= Las Huelgas Beatus =

Babylon surrounded by a serpent

The Las Huelgas Beatus, also called the Later Morgan Beatus, is a late Romanesque illuminated manuscript of Beatus of Liébana's Commentary on the Apocalypse completed in September 1220 and now housed in the Morgan Library & Museum in New York, shelfmark M.429. It is one of the latest illuminated copies of Beatus' commentary and a copy of the 10th-century Tábara Beatus. It was produced for the Abbey of Santa María la Real de Las Huelgas in Burgos, but whether it was produced there or elsewhere is unknown. Its artists had known connections to Toledo, also in Castile.

The Las Huelgas Beatus is the largest illuminated Beatus manuscript, at 21 × 13.3 in, and contains 184 parchment leaves. Three artists worked on it. The hands of two of them have been identified in two other manuscripts.

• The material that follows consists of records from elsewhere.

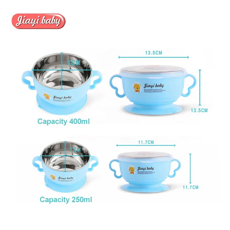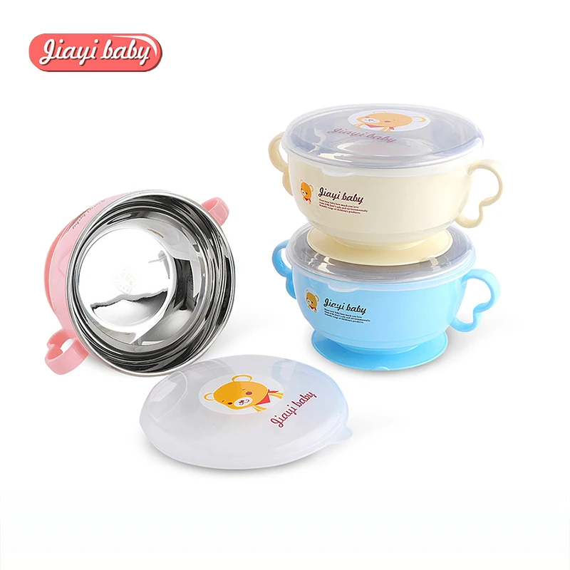BEST QUALITY Jiayi baby Bowl Set Feeding Cup Suction Plate BPA Free 304 Stainless Steel Bowl With Lid Filling Wa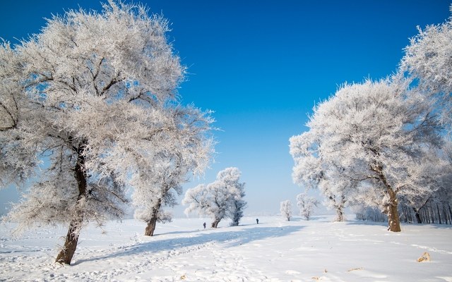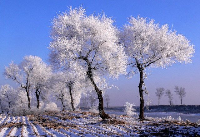 雾凇是雾气和水汽遇冷凝结在枝叶上的冰晶,分为粒状和晶状两种。粒状雾凇结构紧密,形成一粒粒很小的冰块,而晶状雾凇结构比较松散呈较大的片状。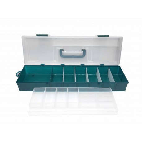 Valigeta din plastic rezistent cu recomandare pentru transport accesorii universale. Beneficiaza de multiple compartimente cu separatoare si un raft suplimentar. Compartimentele pentru depozitare sunt generoase astfel incat ne ajuta la organizarea tuturor accesoriilor necesare unei partide de pescuit astfel incat sa nu ne lipseasca nimic din lucrurile utile.

One of them worked on Madrid, Biblioteca Nacional, 10087 and the other worked on Madrid, Biblioteca Nacional, 21546, both copies of Ildefonsus' De virginitate Beatae Mariae. The former artist was also responsible for the frescoes in the Church of Cristo de la Luz, a converted mosque in Toledo. Stylistically, the artists are indebted to Byzantine precedents.

The manuscript may have been royally sponsored. A colophon praises the nameless patroness who commissioned the manuscript for donation to Las Huelgas. Two women have been identified as likely donors: Queen Berengaria and the Abbess Sancha García. If Berengaria were the donar, she probably commissioned the work to celebrate two events that took place in Las Huelgas in November 1219: the knighting of her son, King Ferdinand III, and Ferdinand's marriage to Beatrice of Swabia.

Notes added to the manuscript in the 17th century show that it continued to be used within the abbey for readings. It was in the library of Las Huelgas when Enrique Flórez saw it in the 18th century. The dealer who sold it to its current owner, the Morgan, purchased it from the Convent of San Clemente de Toledo. It is unknown when it moved to San Clemente or whether its production was connected with that place, a daughter house of Las Huelgas.